# Is NDS Card.com trustworthy?



## Traumkampfer (May 12, 2014)

Hey guys, just bought an EZ Flash 4 from NDS Card.com, and just feeling a little nervous about dealing with the Chinese (no, im not being racist, I have been ripped off by them before)

Like, I tried paying using just my debit card and it took me to some weird "Beijing Huihuitong network" place. It gave me a weird message saying "cant be renewed" after giving it my info, but I wasn't charged any money.
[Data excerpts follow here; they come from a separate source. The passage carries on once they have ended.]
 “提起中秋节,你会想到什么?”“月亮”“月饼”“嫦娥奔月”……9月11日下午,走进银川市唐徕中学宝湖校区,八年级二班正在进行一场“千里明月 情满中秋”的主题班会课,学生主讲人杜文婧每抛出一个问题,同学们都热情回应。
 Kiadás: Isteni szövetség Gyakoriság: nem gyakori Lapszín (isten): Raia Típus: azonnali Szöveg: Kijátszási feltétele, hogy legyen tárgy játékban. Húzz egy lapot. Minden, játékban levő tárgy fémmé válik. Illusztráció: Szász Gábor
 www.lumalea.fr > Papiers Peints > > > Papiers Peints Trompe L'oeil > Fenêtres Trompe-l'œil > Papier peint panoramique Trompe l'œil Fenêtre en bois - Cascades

Then I payed them with Paypal, and was given a tracking number, but all I get when I look up the package is "The tracking result of the item (number omitted since this is a forum) is presently not available. Please try again later" So this means it has indeed shipped?


----------



## icebrg5 (May 12, 2014)

Ive ordered from them 3 separate times and never had any issues.

Always paid with paypal and usually got the orders about 2-3 weeks after order was placed.
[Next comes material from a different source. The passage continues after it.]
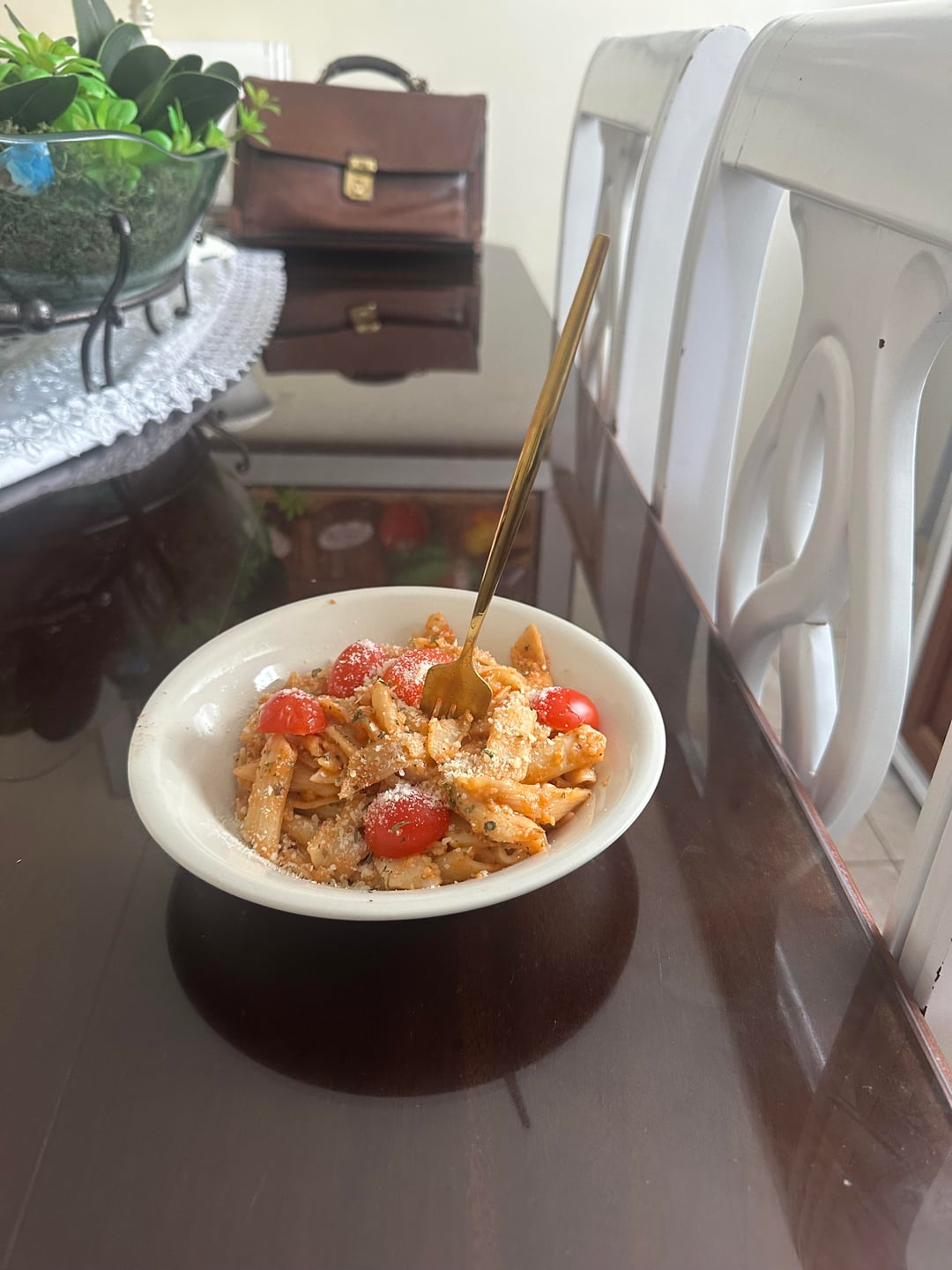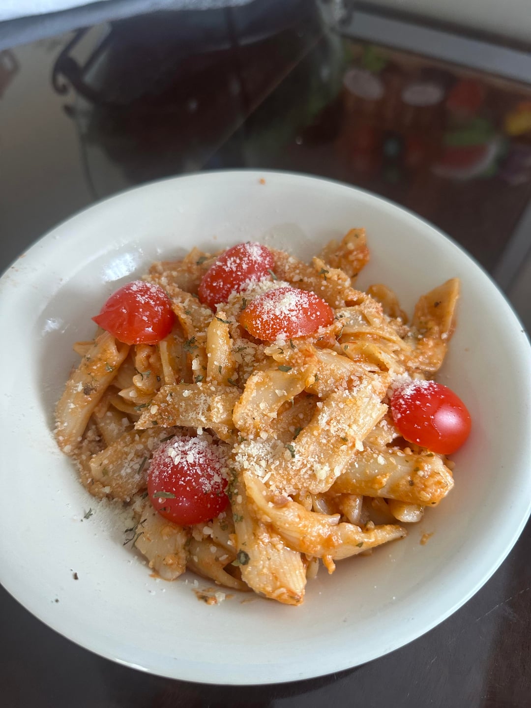 Penne Ziti Rigatti with Prego Pizza Sauce; topped with parsley from Badia, Grated Parmesan cheese from crystal farms and cherry tomatoes. Hope u enjoy!

They also replied to any emails i sent within a day at most.


----------



## Traumkampfer (May 12, 2014)

Alright man, a positive report is really helpful, since I've never dealt with the Chinese mail service before.


----------



## The Catboy (May 12, 2014)

nds-card is gbatemp's official sponsor actually.


----------



## Qtis (May 12, 2014)

Shouldn't have any problems. If you do, contact their customer support. They're quite fast in responding, I've yet to not receive a reply in 24 hours on the average working day (Chinese holidays are another thing, but there aren't any major ones going on at the moment).


----------



## Traumkampfer (May 12, 2014)

Well yeah, but I saw a couple reports on here of people being charged random stuff. Though, that  "Beijing Huihuitong network" seemed legit and had the green bar that meant it was secure. Can never be too careful though


----------



## Traumkampfer (May 19, 2014)

So update guys, I just got my EZ Flash IV, and was impressed with how fast i got it....but when I hold R shoulder button with the bin file on my Mini SD card, nothing happens when I turn on my GBA?

I made sure everything was named right, is the card DOA?

I just used the program to put a game on it, and nothing happens when i turn on my GBA with the flash cart in.....

*Edit*  I cleaned the cart with nail polish remover, and it works fine now....oddly enough.


----------